**What is expected**
Required from the data below: the exact lines starting at the line containing "8. Let us go" and ending at the line containing "В нашей группе", with both ends kept and all pictures dropped.

**Exercise data**
******

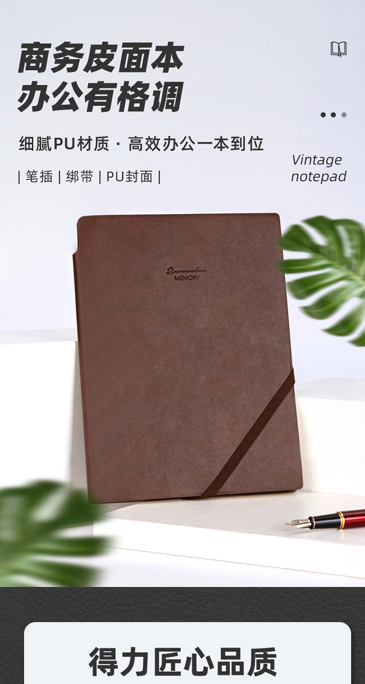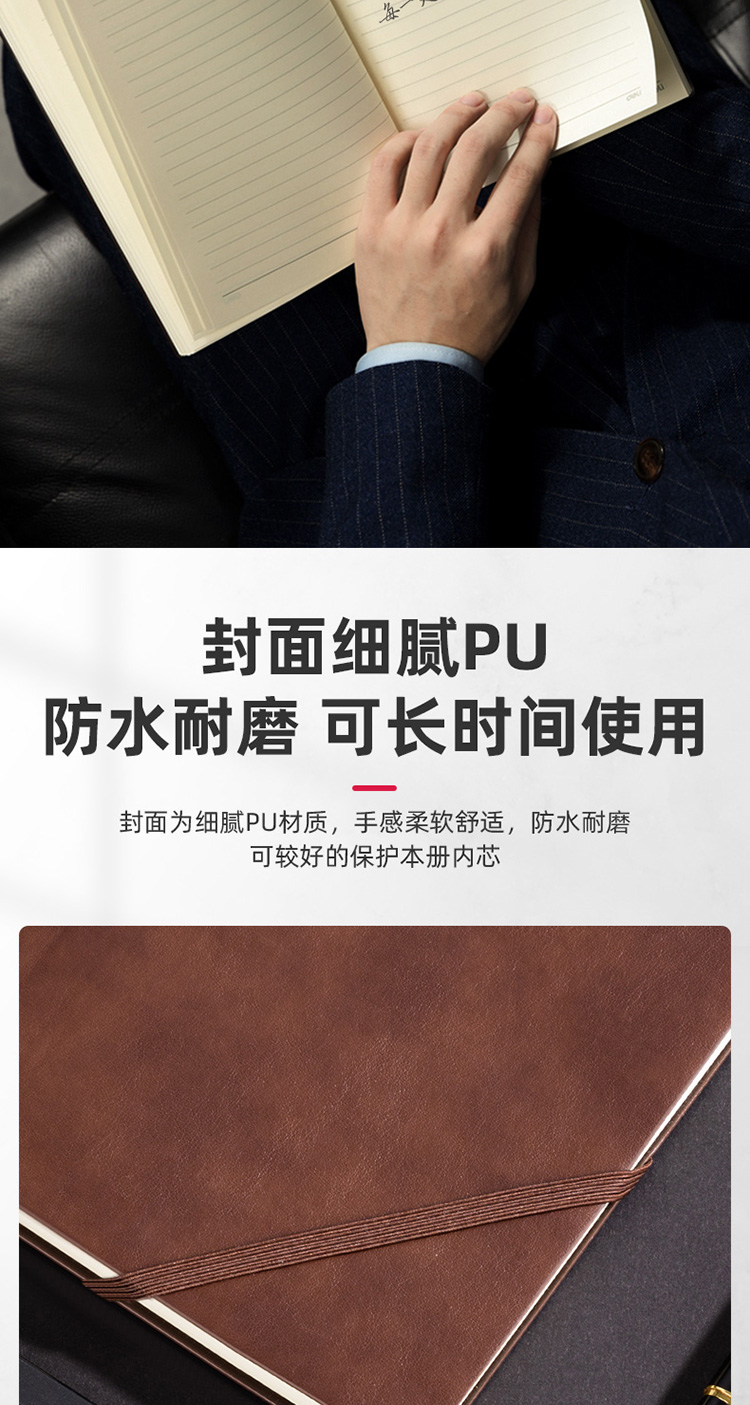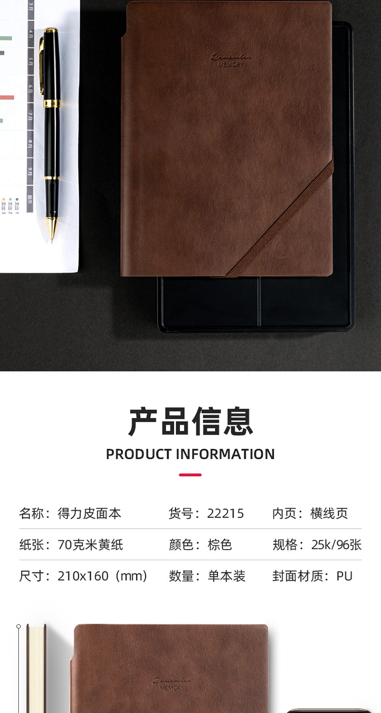 商品名称:得力22215可插笔绑带皮面本25K96张 棕色(单位:本)
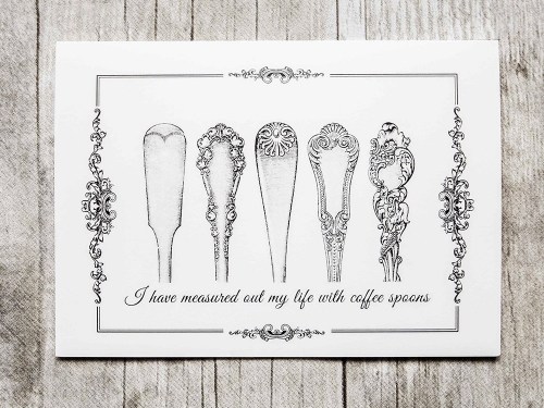 8. Let us go then, you and I, when the evening is spread out against the sky . . . As a panacea for those restless nights in cheap hotels and saw-dust restaurants with oyster shells, treat yourself to a set of J. Alfred Prufrock Coffee and Tea notecards from CS Literary Jewelry. Just curious: have you measured out your life with coffee spoons?
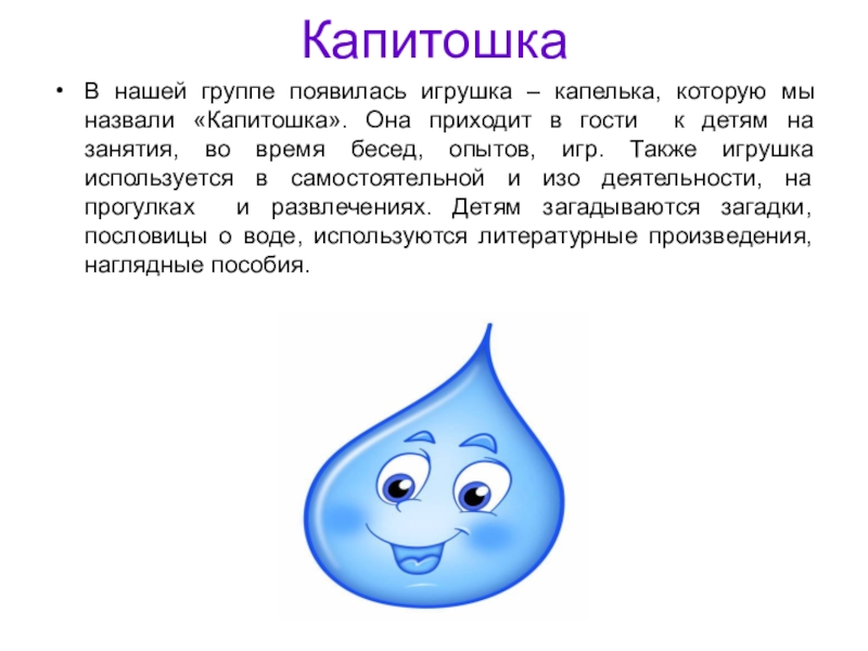 В нашей группе появилась игрушка – капелька, которую мы назвали «Капитошка».
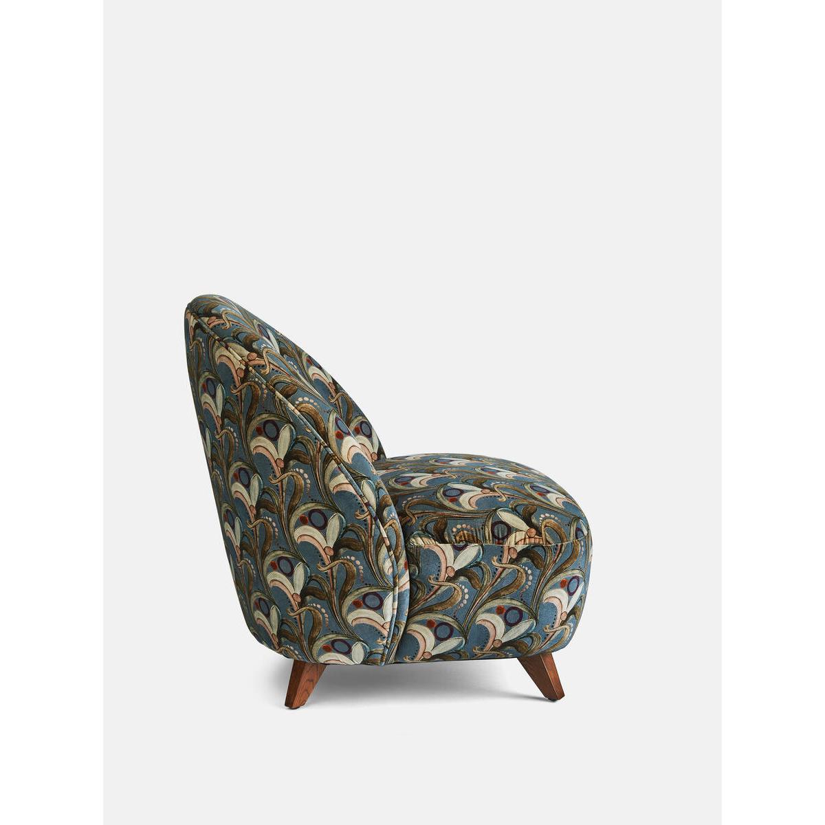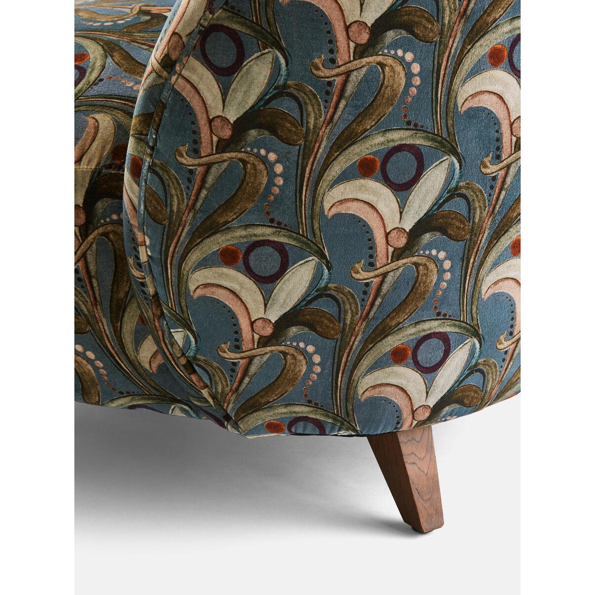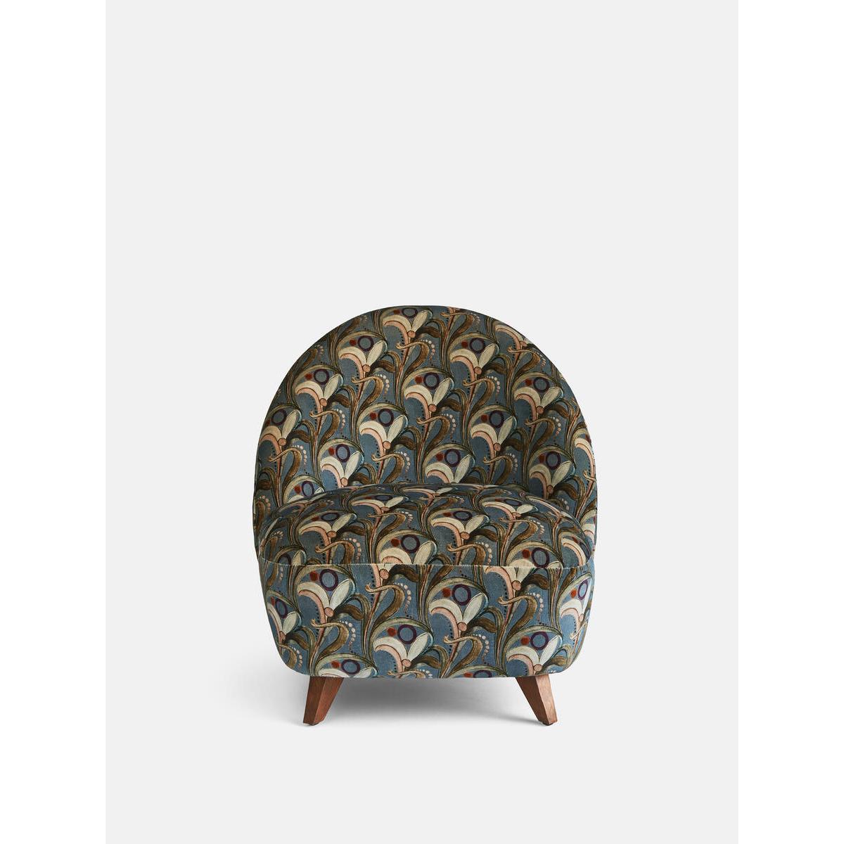 Taking its cues from the classic styles at Soho House 76 Dean Street, the Henri armchair is upholstered in a durable cotton velvet with our Obie print - originally hand-painted in-house using watercolours to depict abstract Art Nouveau-style floral motifs. The chair has a snug, fixed seat with contrasting mid-tone oak legs - a compact and comfy design that makes a great accent piece for dining and living rooms, as well as reading nooks and bedrooms. Mid-tone oak feet Upholstered in cotton velvet Armless Fixed seat Inspired by Soho House 76 Dean Street

******

**Solved problem**
 8. Let us go then, you and I, when the evening is spread out against the sky . . . As a panacea for those restless nights in cheap hotels and saw-dust restaurants with oyster shells, treat yourself to a set of J. Alfred Prufrock Coffee and Tea notecards from CS Literary Jewelry. Just curious: have you measured out your life with coffee spoons?
 В нашей группе появилась игрушка – капелька, которую мы назвали «Капитошка».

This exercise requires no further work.